Zorro <berriz at husc.harvard.edu> asked:
"So my question are 1) in general, how does one get Mathematica to
superimpose plots with different units on the vertical or horizontal
axis, and 2) in particular, how does one get it to display histograms
and functions together?"
--------------------------------------------------------------------
Both issues are addressed by the functionality of the FullGraphics
command.
In[1]:=
?FullGraphics
FullGraphics[g] takes a graphics object, and generates a
new one in which objects specified by graphics options
are given as explicit lists of graphics primitives.
The "objects specified by graphics options" are principally axes
and ticks, and FullGraphics "protects" them from Mathematica's
default procedures for graphics options.
Here are some examples which illustrate the use of FullGraphics
when combining 2D graphics. (The later ones use the results of
the earlier ones, so if you try them out, be sure to execute them in
order.

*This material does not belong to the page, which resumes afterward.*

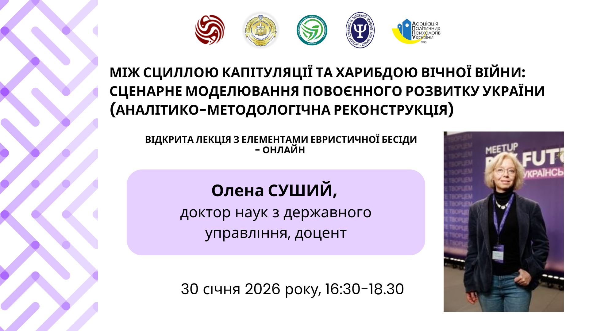 30 січня 2026 р. о 16:30-18.30 на відкриту лекцію з елементами евристичної бесіди на тему: “Між Сциллою капітуляції та Харибдою вічної війни: сценарне моделювання повоєнного розвитку України (аналітико-методологічна реконструкція”.
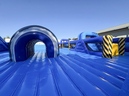 ③全て広げきったら、送風機を遊具につなげていきます。電源は1口必要です。送風口は10か所ございますが、5か所を塞ぎ電源に近いものを5つご使用ください。生地のねじれがないようにご注意ください。空気が入りにくくなる場合がございます。

I made this message as a Notebook, available at
http://www.contrib.andrew.cmu.edu/usr/pdn/CombinePlot.ma.) Plot1
will serve as a "fixed" reference plot,and will not be transformed;
Plot2 will be altered and overlayed on Plot1 in various ways.
First, without FullGraphics:
In[2]:=
Plot1 = Plot[Sin[x], {x,0,2 Pi}];
Plot2 = Plot[Sin[x], {x,0,Pi},AxesOrigin->{Pi,1}];
Show[{Plot1,Plot2}];
The same plots, using FullGraphics:
In[5]:=
FullPlot1 = Plot1//FullGraphics;
FullPlot2 = Plot2//FullGraphics;
Show[{FullPlot1,FullPlot2}];
Be sure to note the effect of the AxesOrigin option in Plot2.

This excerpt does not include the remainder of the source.